CLSA is the latest foreign investment advisory to join India’s bullish bandwagon after Goldman Sachs, Morgan Stanley and Nomura.
CLSA analysts, Alexander Redman and Della Chen, in “Incredible India: Raising exposure” report said: “we raise our regional allocation for India to a 20 per cent overweight stance. Our previous contrarian underweight position worked between late October 2022 and late March 2023 but ultimately we persisted for too long with our negative view,” CLSA said adding “valuations and RBI monetary policy inflexibility remain our principal concerns.”
Reasons for turnaround
Recently, Nomura and Morgan Stanley upgraded India equity to Overweight. There were eight major reasons for CLSA’s turnaround – a rebounding credit impulse signalling robust equity momentum; more manageable energy pricing given discounted Russian crude; improving basic balance and likely bond inflows support the rupee; strongest economic growth across primary emerging markets; Indian equities trading at fair value on our model with 22 per cent upside; a return to superior relative profitability metrics for India vs EM; trend breakout in EPS growth supported by GDP and revisions; and foreign investors do not appear over-exposed to Indian equities.
CLSA’s ‘quality growth names with high conviction’ calls included Reliance Industries, HDFC Bank, ICICI Bank, Bharti Airtel, State Bank of India, Bajaj Finance, Larsen & Toubro, Axis Bank, ONGC and Tata Motors.
Per its econometric regression model, Indian equities are now at a fair value relative to prevailing macro conditions in contrast to being 21 per cent overbought in November 2022 and 14 per cent overbought in June.
“Using CLSA 12-month forward economic projections, MSCI India offers 22 per cent US dollar upside through to October 2024, almost twice our expectations for the overall MSCI EM index,” the analysts said.
EPS growth
On first inspection, the trajectory of the consensus outlook for the progression of local currency Indian earnings growth appears extremely demanding relative to the past dozen years.

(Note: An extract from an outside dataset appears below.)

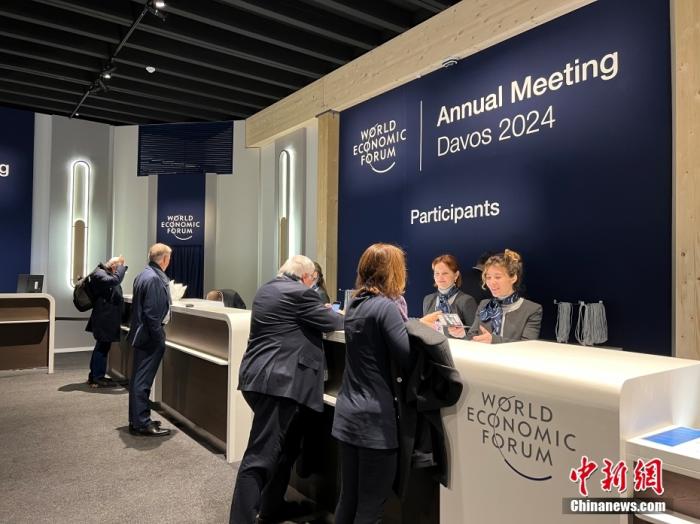 資料圖:當(dāng)?shù)貢r間1月15日,與會人員進行參會注冊領(lǐng)取證件。當(dāng)日,世界經(jīng)濟論壇2024年年會在瑞士東部小鎮(zhèn)達沃斯拉開帷幕。

Specifically, consensus EPS estimates for FY24 and FY25 (ending March 2025 and March 2026, respectively) are above the initial forecasts made by sell-side analysts. “Not in a single year since at least 2011 has the final EPS outturn come even close to beating initial expectations. Indeed, the average for the dozen years from 2011 through 2022 has been a 28 per cent disappointment in final reported EPS versus analysts’ original forecasts.”
However, the outlook for India’s nominal GDP growth relative to trend is supportive of the FY24 and FY25 consensus EPS growth forecasts of 15 per cent and 13 per cent, respectively.
CLSA to use the funds raised from its China downgrade (October 3) together with funds made available by 45 per cent underweight stance on Australia (August 23) to upgrade Indian equities to 20 per cent overweight from 40 per cent underweight previously.